Following surgery, a compression garment is most often utilized to promote skin shrinkage and minimize swelling. In addition, this office utilizes a silicone-backed foam padding which has been shown to be quite effective in minimizing bruising and accelerating recovery.
In the end, the outcome the patient receives is what is paramount more than the method the surgeon selects. What is most important with any liposculpture procedure is the surgeon’s understanding of the aesthetic goals of each individual patient and how to shape and sculpt to realize these same goals. That being said, plastic surgeons would be better served to spend more money on training and less on equipment.
As an adjunct to the lipoplasty procedure, harvested fat may be utilized elsewhere via a procedure referred to as autologous fat transfer.
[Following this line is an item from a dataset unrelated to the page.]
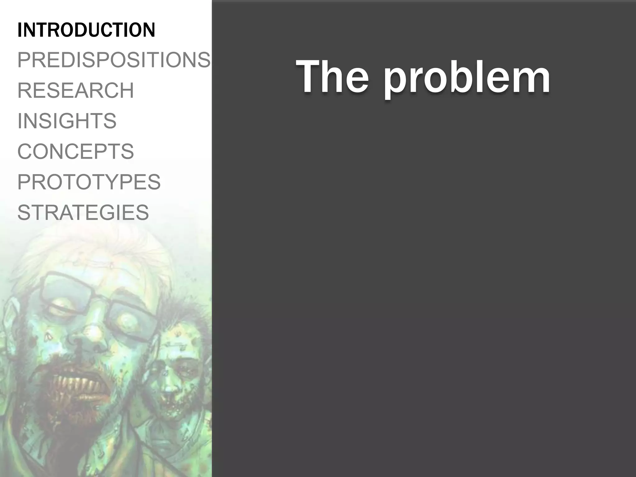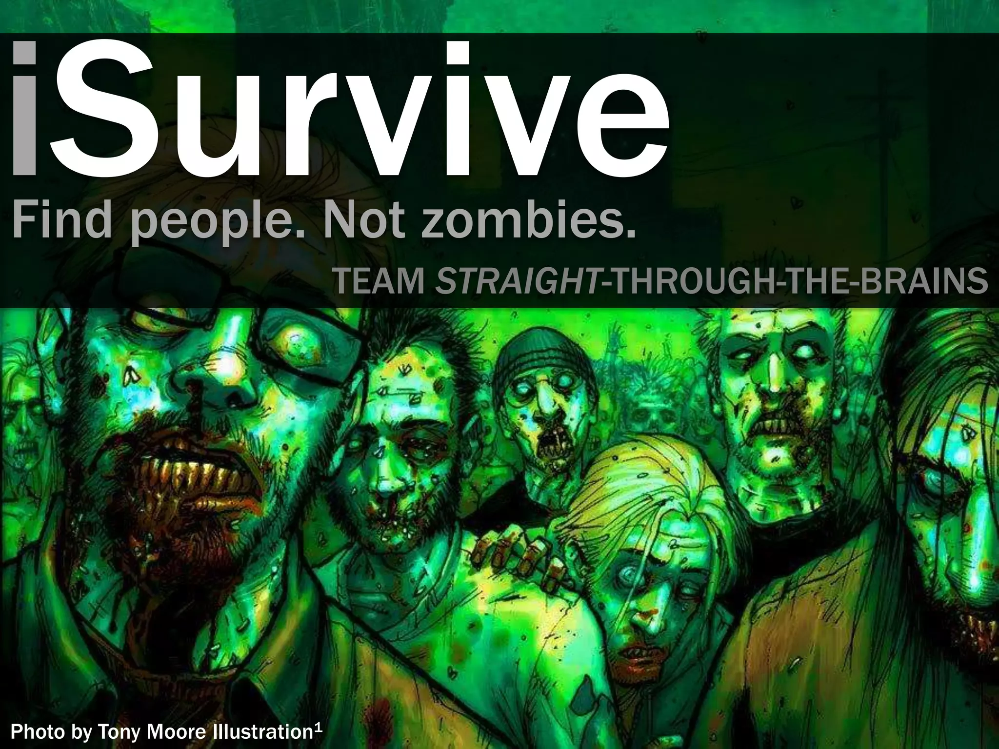 The document describes a mobile app called iSurvive that is designed to help users survive a zombie apocalypse by connecting them with other survivors and providing important survival information. The app allows users to view maps, locate other survivors, join survivor groups, request help, and access tips on first aid, food/water, shelter, and weapons. It was prototyped and tested with users to evaluate usability. The goal is to provide a "buddy system" through the app to help more people survive with minimal interaction.

Herein, harvested fat is treated utilizing sterile technique to isolate the fat itself which is prepared for transfer to other areas of the body which are volume deficient either as a result of age, weight loss, pregnancy or a combination thereof. Recent recipient sites used for purposes of transfer have included the face, breast and buttock regions. The buttocks represent an important element of sexual attraction and a major component of the concept of beauty in most cultures and ethnic populations. Consequently, for several decades, surgeons have been attempting to correct abnormalities or deficiencies in the shape and volume of this region, either by resection and skin adjustments, placement of gluteal prostheses, liposuction and lipoinjection, or other techniques. The recent increase in the demand for gluteal augmentation in the United States is likely a result of changing demographics, improvement in body contouring techniques, and an evolution of aesthetic preferences and fashion norms. The past two decades have witnessed extensive growth and interest in body contouring. The buttocks are no exception.
Lipoplasty Procedures (Non-operative)
New technologies play an important role in providing for an approach to the treatment of fat in an invasive or non-invasive way. Non-invasive and minimally-invasive treatments, however, oftentimes sacrifice a single treatment’s efficacy and more substantial results. Often touted for certain applications, specifically mild to modest skin tightening and isolated fat reduction, these treatments do not take the place of surgical procedures but are marketed to offer other advantages such as expediency, the avoidance of anesthesia and little downtime. This technology includes ultrasound (Liposonix, Vaser), freezing or cryolipolysis (CoolSculpting), and radiofrequency (VelaShape II). However, non-invasive and minimally-invasive body sculpting are not comparable to liposuction which remains the gold standard for fat removal in most individuals who desire a more significant outcome.